# Gastro problems - thyroid?



## Evra (Sep 11, 2014)

Hi, I have been having some problems with my stomach and digestion and my locum GP has said that since I have had these problems for quite a few number of years (by my count 4-5 years but possibly longer) it might be worth me being referred to a gastroenterologist. She has put me on Omaprazole for now as she suspects acid reflux.

I told my last GP practice about these issues and even though I sent them a letter regarding this they did not like the fact that I was referring to articles for testing that were over 20 years old. This letter is now in my files and I'm wondering if action can be taken against the GP surgery since I could have a malabsorption issue that they did not look into despite me hinting at one in my letter.

!Serum Ferritin: 28 (30-400) - normal, no action needed

Vitamin D3: 73 (50-75 suboptimal) I have been supplementing with a D3 3000IU spray.
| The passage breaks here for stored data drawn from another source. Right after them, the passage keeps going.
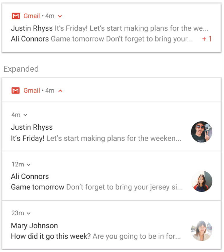 您也可以建立含有圖片、採用收件匣樣式、包含即時通訊對話,或是設有媒體播放控制項的可展開通知。詳情請參閱「建立可展開通知」。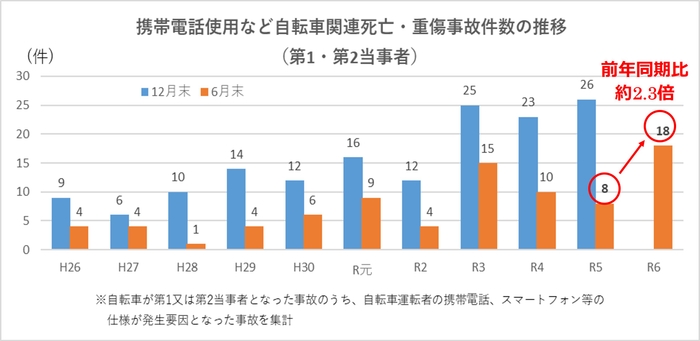 警察庁が7月25日に発表した 「令和6年上半期における交通死亡事故の発生状況」によると、携帯電話等を使用した自転車関連死亡・重傷事故は近年増加傾向にあり、前年同期比で約2.3倍に増加したと発表されています。
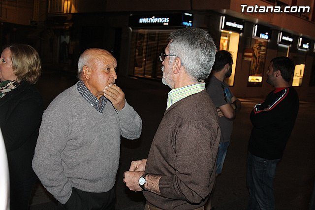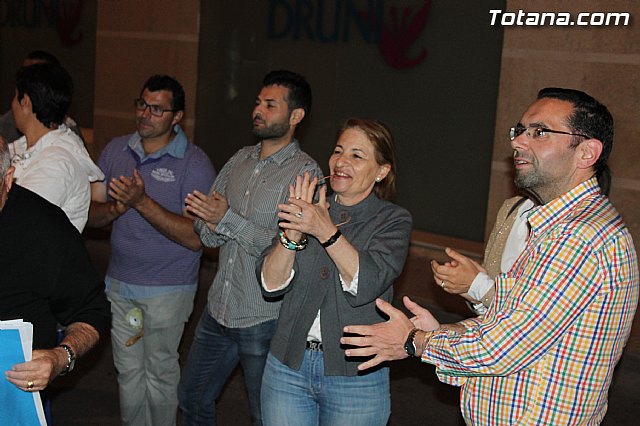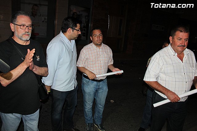 Representantes de los tres partidos políticos PP, PSOE e IU-Verdes con representación en el Ayuntamiento de Totana y que concurren a las elecciones europeas de próximo día 25 de mayo arrancaron en la pasada medianoche la campaña electoral con la tradicional pegada de carteles en la avenida Rambla de La Santa.
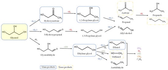 Biodiesel production is a sustainable alternative to fossil fuels that also generates glycerol, a byproduct with significant potential in sustainable chemistry due to its versatile properties that makes it an ideal raw material for a wide range of products. The valorization routes for glycerol depend on the activation and reactivity of specific bonds such as C–C, C–O, C–H, and O–H. The preferential cleavage of these bonds determines the catalyst properties and process conditions [,]. Bifunctional catalysts containing both metal and acid/basic sites are suggested as the most suitable for cleaving C–C and C–O bonds [].

Vitamin B12: 362 (180-900)

Folate: 4.9 (4.1-18.7)

Symptoms:

Fatigue

Pale skin, almost anaemic

Constipation but this has now become looser, sometimes watery

Wheezing

Difficulty swallowing

Breathing problems

Fizziness in throat

Lumps/swelling in throat over thyroid and in the upper parts of my neck (there are two well-defined lumps either side of my neck. One is near my hyoid bone and has been there since March. The other is lower down)

Dry skin

Extreme weight loss despite eating more protein and carbohydrate-rich food and eating 3 meals a day. Anything to get the weight on and make it stay. My weight was 7 stone 6, it is now just 7 stone. My BMI was 17.9 and is now 17.3. (healthy range 18.5-25)

Abdominal pain (I had one severe bout of abdominal pain last week and I thought it was gas pains so I attempted to pass gas by tensing my lower abdominal muscles but it made the pain worse). I rarely get any pain but when I do it's very acute and sharp

Loss of appetite

Reactions when eating certain foods

Milk - Constipation and gas within 5-20 minutes of consumption

Wheat/gluten - Constipation and gas within 15-40 minutes of consumption

My previous GP has said I do not have gluten or lactose intolerance because my symptoms do not correlate with either of them.

I have hypothyroidism and I am under the care of an endocrinologist. She has said she didn't want me to undergo an upper endoscopy because she didn't want to put me through an unpleasant procedure but I am wondering if, by perhaps allowing me to undergo the procedure, something may have been found?

So, the locum GP has put a note on my records for my usual GP (I didn't even know she was away at the time) to follow-up in 2 weeks to see if the omaprazole is working but because of the extreme weight loss they are looking to refer me on to a gastroenterologist.

I am now very worried because I feel I'll be seen as someone who is intentionally starving herself but whatever I eat and however much I eat it makes no difference.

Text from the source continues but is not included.